Collected data entries
★ ★ ★ ★

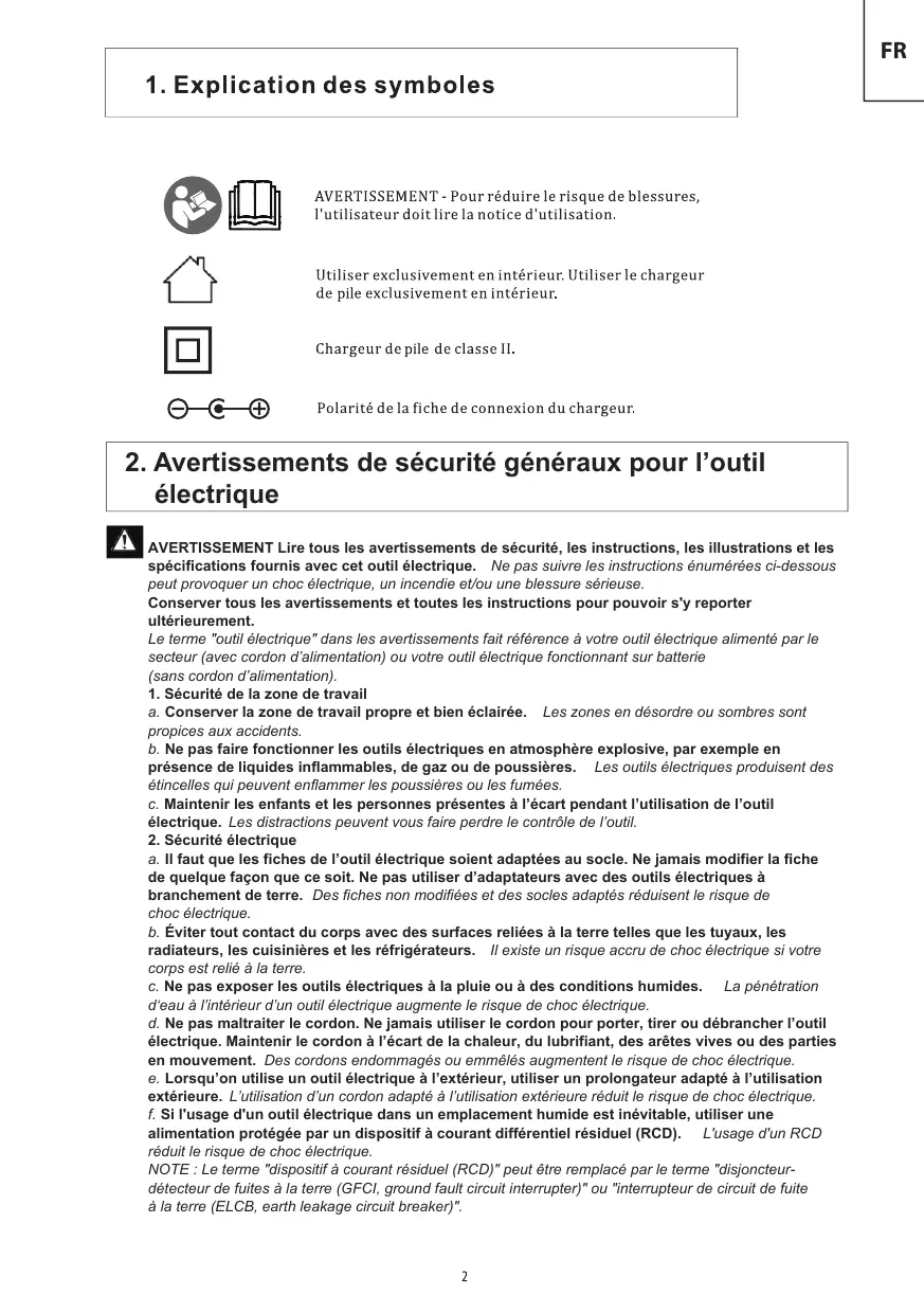 Si l'usage d'un outil électrique dans un emplacement humide est inévitable, utiliser une alimentation protégée par un dispositif à courant différentiel résiduel (RCD). … L'usage d'un RCD réduit le risque de choc électrique.
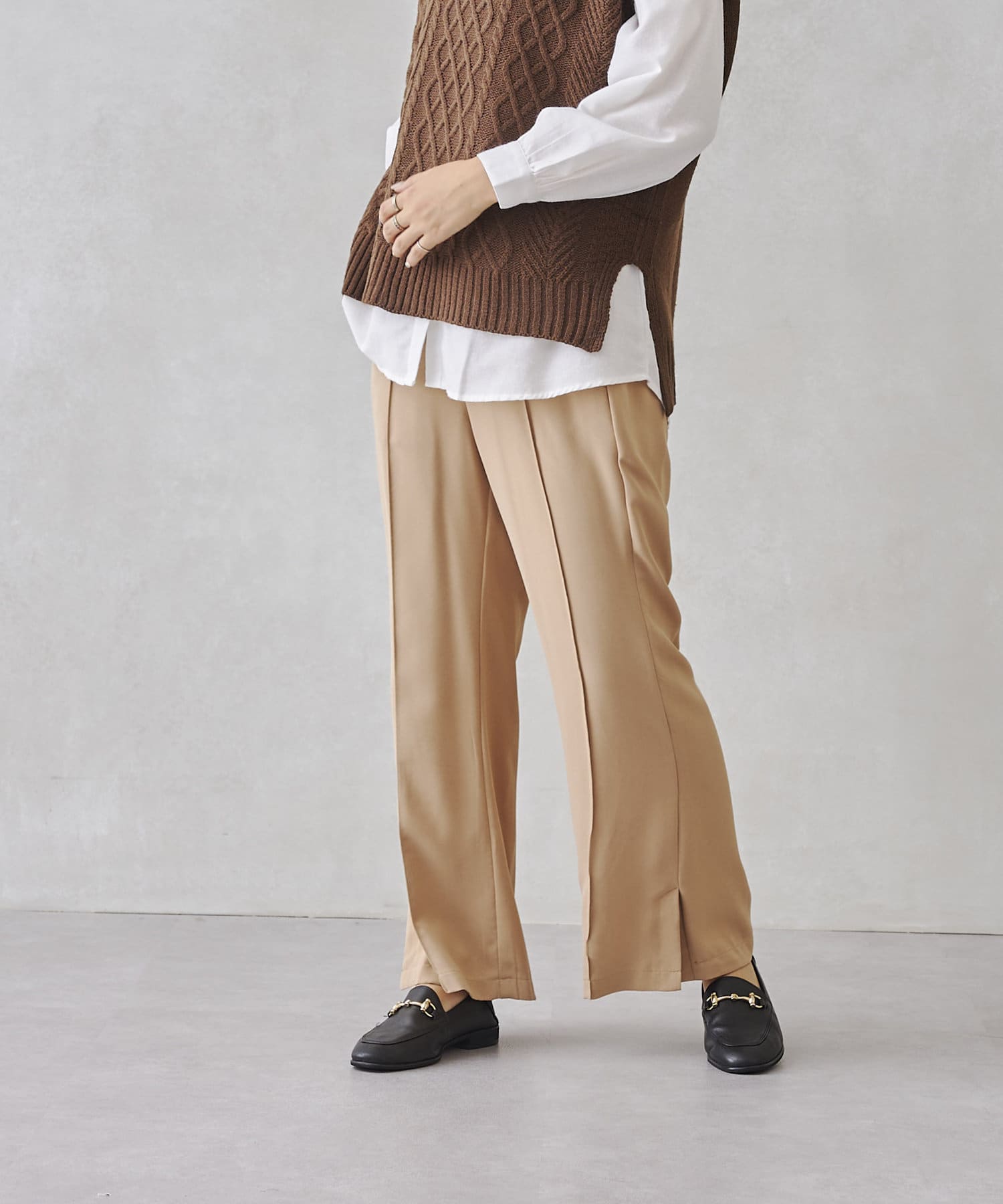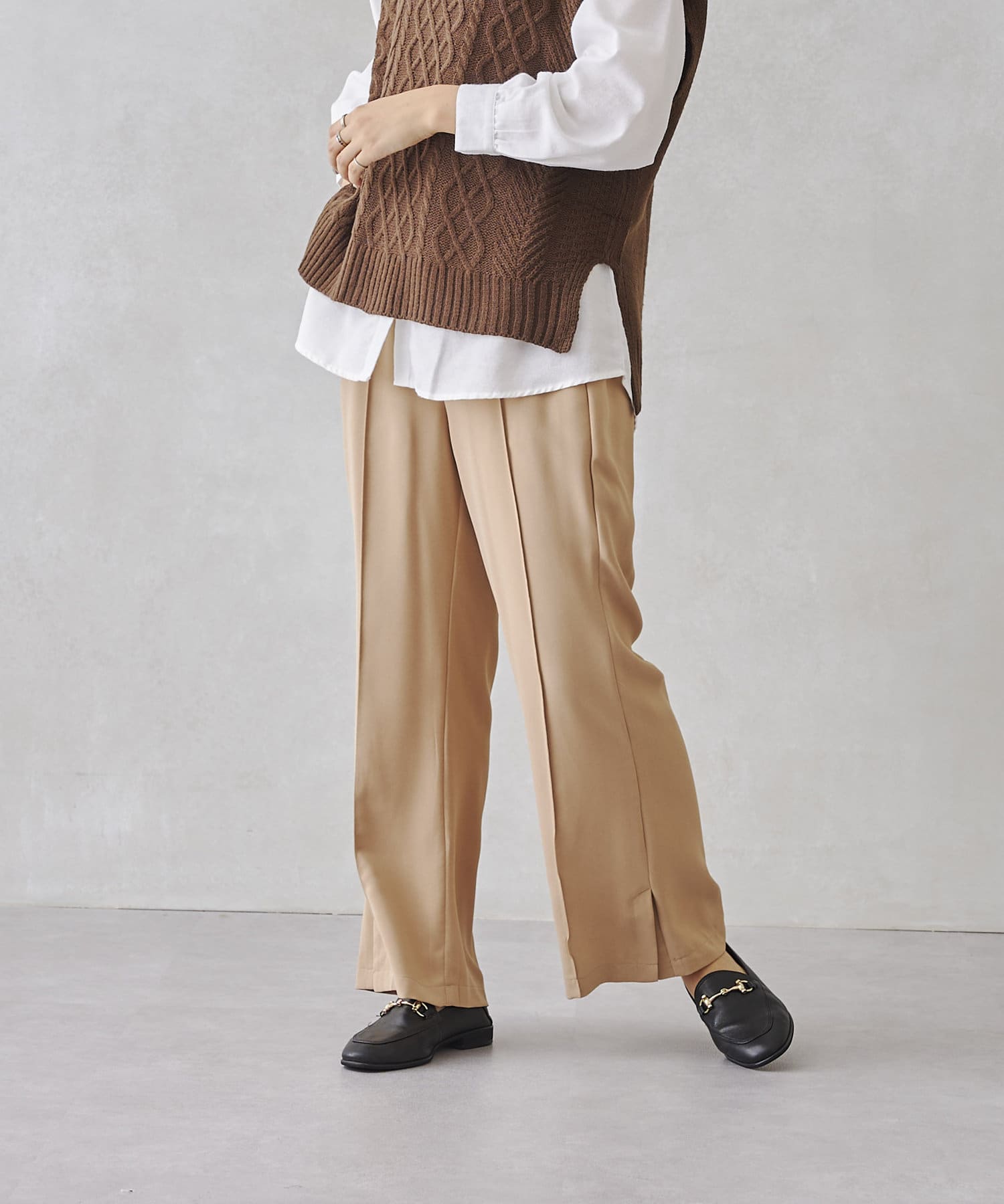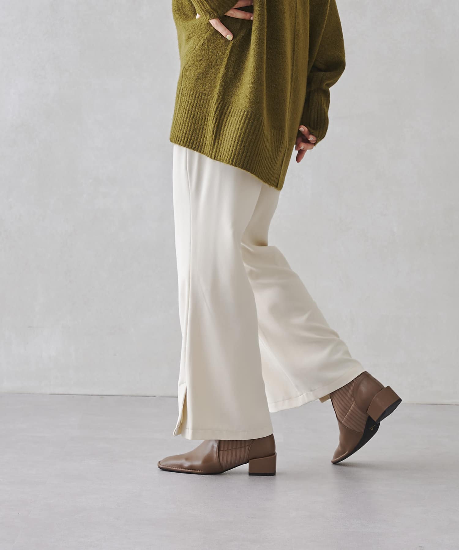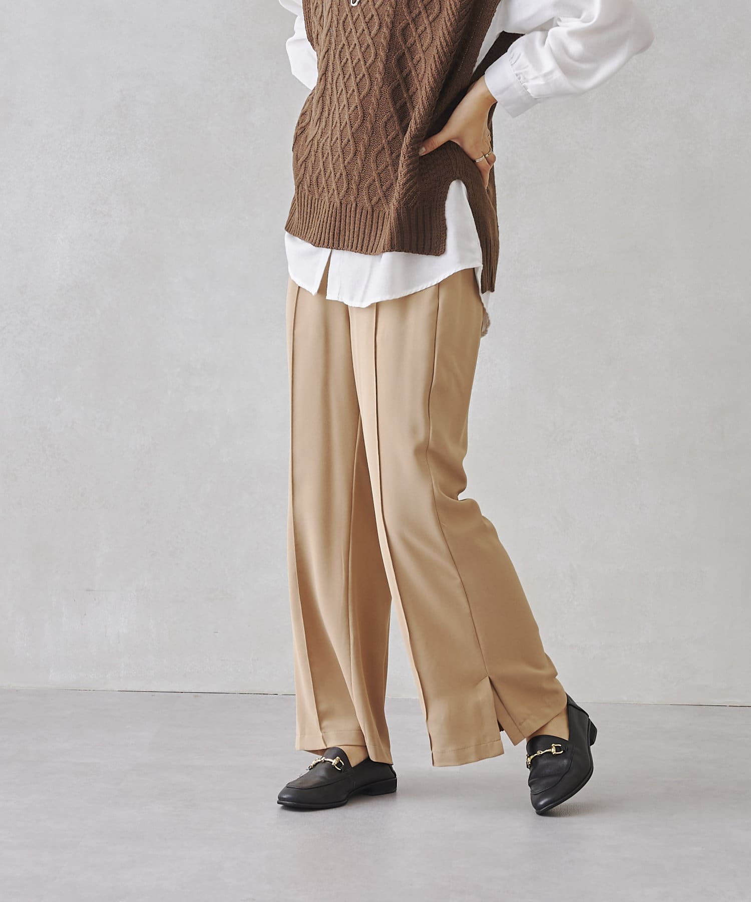 サイドスリットのきれいめ見えするセミワイドパンツ
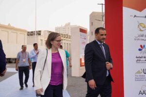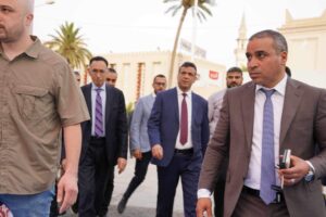 قام عشية اليوم الإثنين مستشار رئيس حكومة الوحدة الوطنية السيد/إبراهيم دبيبه ووزير الدوله للإتصال والشؤون السياسية السيد وليد اللافي بزيارة لمدينة المعارض إستقبلهم فيها الإستاذ /شكرى إلطيف نائب مدير عام معرض طرابلس الدولي..ورافق الإستاذ إلطيف الضيفان في جولة داخل مدينة المعارض أطْلعا خلالها على فعاليات الدورة الخمسين لمعرض طرابلس الدولي وماتحويه أجنحة الدول المشاركة من معروضات .. وتفقد الضيفان أجنحة الدول التي عادت للمشاركة في دورات معرض طرابلس الدولي بعد غياب بفضل إنفتاح حكومة الوحدة الوطنية على العالم وتوفير المناخ المناسب للمنافسه والتطوير ..وعبّر الضيفان على إمتنانهم لحسن التنظيم وحجم الإقبال من الجمهور الزائر مايدل عن حالة الإستقرار الإقتصادي الذي تعيشه البلاد..
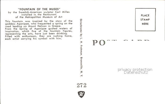 71942244 New York City Fountain of the Muses of the Metropolitan Museum of Art postalisch nicht gelaufen KatCode: 14140340000000
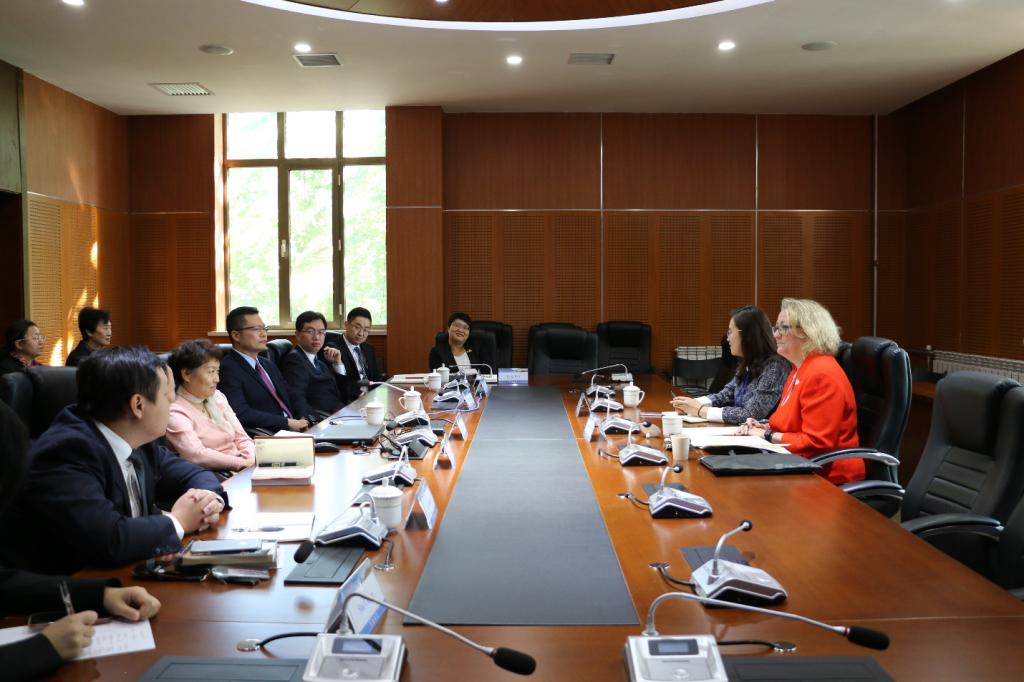 接下来,Loraine Phillips与学院部分教师进行座谈,双方围绕教师自身发展、教学改革、教学评价体系以及学生教育教学等方面展开了深入探讨。杨雅婷老师在谈及自身感受时表示,她作为一名已经工作7年的教师深深感受到了学校对于教职工在教学、科研和生活上的全方位保障和关切,同时她也很享受学院宽松的工作环境和氛围;薛杨老师动情地向Loraine Phillips介绍了自己作为“土生土长”的天大人从学生到教师的角色转换和成长感悟,他表示,对于天津大学实事求是、扎实肯干的学风教风以及老教师们的言传身教感触颇深,助课听课制度等教学改革措施的推行对于青年教师教学工作的开展也十分有利;曾艳老师详细地向Loraine Phillips介绍了学院教学评价体系的运行流程;田亦尧老师在和Loraine Phillips谈及学生教育教学工作的开展时提到,学院贯彻“以学生为中心”的理念,推行本科生个人导师制,以更好地保障学生专业知识的学习;吕斯轩老师和孙皓老师分别就法学院产出和教学模式创新的问题发表了自己的观点。Loraine Phillips在和各位老师充分交流后表示,学校和学院的教师保障措施、教学改革、教学模式创新等给她留下了深刻的印象,这将有力地推动学院建设和教学工作的开展。

★ ★ ★ ★

- _Problem statement_
The answer must be the lines above, word for word, from the first one through the line with "サイドスリットのきれいめ見えするセミワイドパンツ", pictures excluded.

- _Final answer_
 Si l'usage d'un outil électrique dans un emplacement humide est inévitable, utiliser une alimentation protégée par un dispositif à courant différentiel résiduel (RCD). … L'usage d'un RCD réduit le risque de choc électrique.
 サイドスリットのきれいめ見えするセミワイドパンツ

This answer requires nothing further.